Prompt - All lines from the beginning of the listing through the line with "报告中,Jorge Gali" are to be copied word for word; the pictures are not.

Data extract -

*****

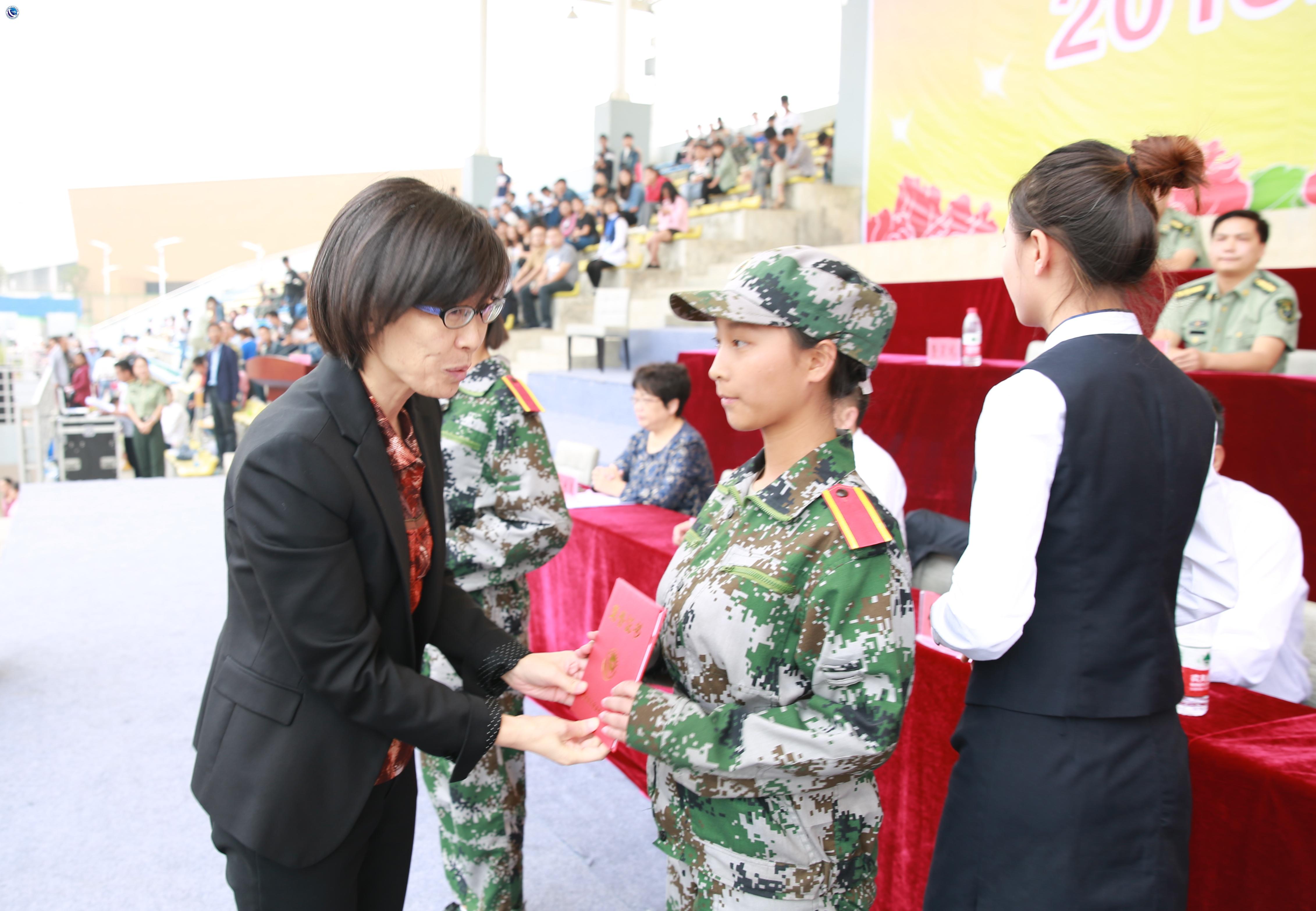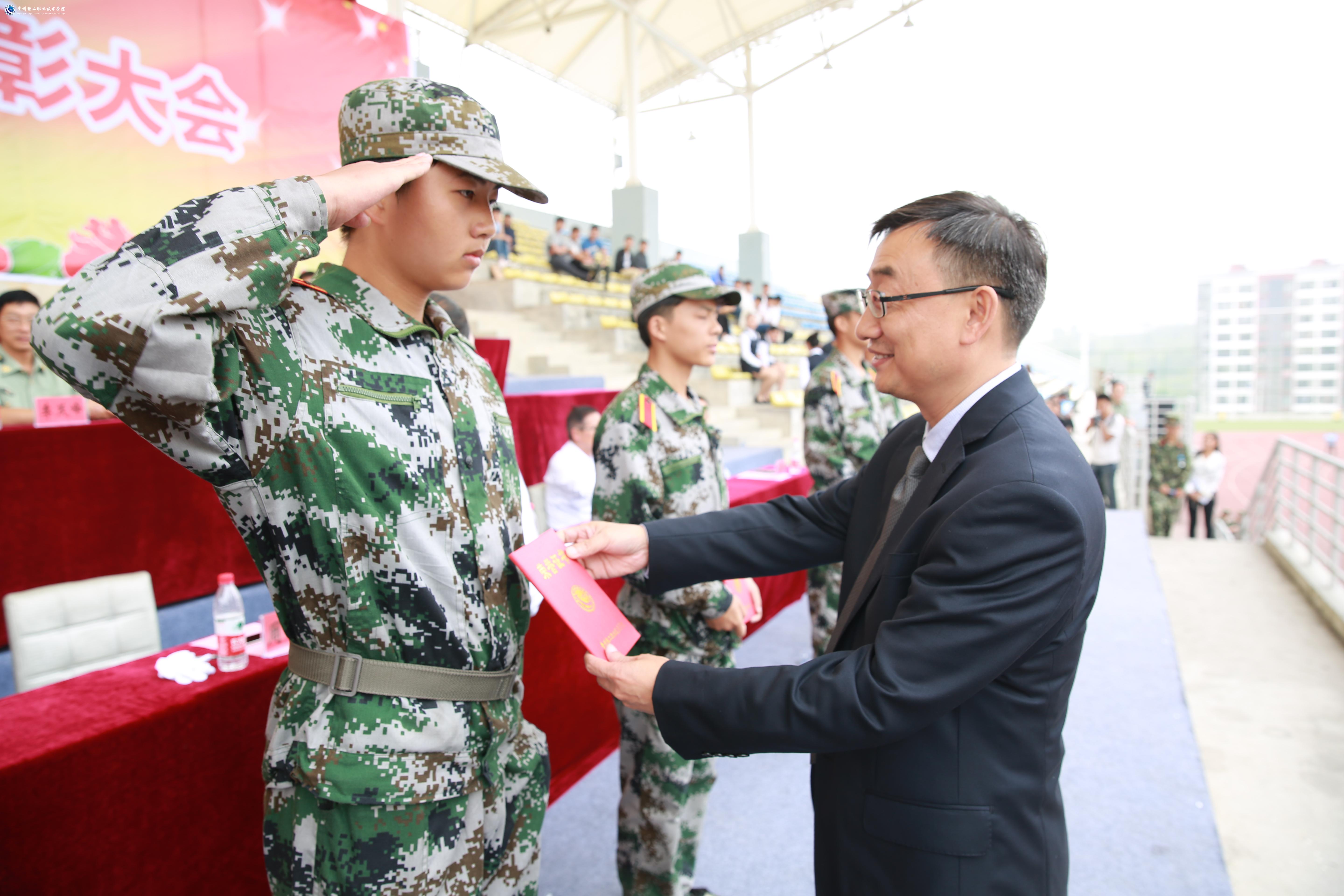 学院副院长陈秀娟宣读了《关于表彰2016级新生军训先进集体和先进个人的决定》,对本次军训中表现突出的连队和个人给予了表彰。学院党委书记卢亚莲、院长周杰等学院领导为军训先进集体和先进个人颁发了奖状和荣誉证书。其中有9个连队被评为军训优秀连队,192名学生被评为优秀学员。
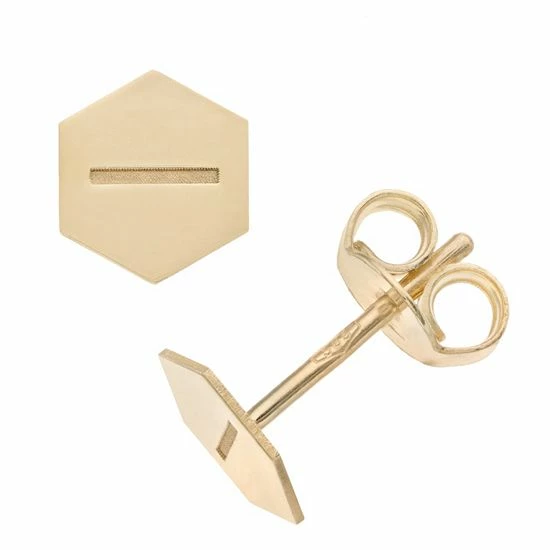 Add a touch of gold to your style with these 14k gold hexagon stud earrings.
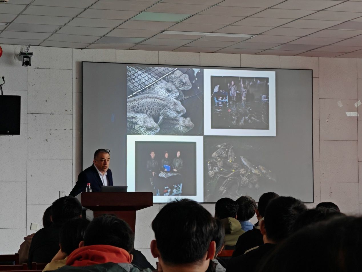 报告中,Jorge Galindo-Villegas教授简要介绍诺德大学的国际合作项目以及学术交流活动,随后,比较了全球各国水产养殖产业发展现状,简述产业前景并剖析了面临的诸多问题,以发展新兴鱼类产业为切入点,介绍花狼鱼的生活习性和性成熟发育周期,深入讲解他在花狼鱼生殖细胞保存技术开发、繁殖周期探索以及相关分子调控机制的研究历程。他还鼓励现场师生关注Aquaculture期刊并参与论文审稿工作,积极参加国际鱼类和贝类免疫学会的学术交流活动,并耐心回答了师生们实验设计以及论文投稿过程中遇到的问题。本次学术交流由91视频
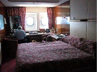 Our cabin seems quite spacious, and as I said earlier, there is a place for everything. We have a queen bed, a large makeup mirror and bench and a wall-to-wall bank of drawers in front of our windows, two sitting chairs and a table between, a chest of drawers on each side of the bed, television, a small fridge, a small closet and a much larger walk-in closet with some shelves and a shoe rack, a safe, and a full-sized bathroom with a shower and a tub. We get fresh fruit in our room each day, which is a nice touch. We have put out some family photos and have some small speakers that we attach to the laptop or the iPod to play our own music (thanks for the great idea, Barbara), so the room feels quite cozy. We can have any of our meals served in the room, but haven't done so yet.

*****

Response area -
 学院副院长陈秀娟宣读了《关于表彰2016级新生军训先进集体和先进个人的决定》,对本次军训中表现突出的连队和个人给予了表彰。学院党委书记卢亚莲、院长周杰等学院领导为军训先进集体和先进个人颁发了奖状和荣誉证书。其中有9个连队被评为军训优秀连队,192名学生被评为优秀学员。
 Add a touch of gold to your style with these 14k gold hexagon stud earrings.
 报告中,Jorge Galindo-Villegas教授简要介绍诺德大学的国际合作项目以及学术交流活动,随后,比较了全球各国水产养殖产业发展现状,简述产业前景并剖析了面临的诸多问题,以发展新兴鱼类产业为切入点,介绍花狼鱼的生活习性和性成熟发育周期,深入讲解他在花狼鱼生殖细胞保存技术开发、繁殖周期探索以及相关分子调控机制的研究历程。他还鼓励现场师生关注Aquaculture期刊并参与论文审稿工作,积极参加国际鱼类和贝类免疫学会的学术交流活动,并耐心回答了师生们实验设计以及论文投稿过程中遇到的问题。本次学术交流由91视频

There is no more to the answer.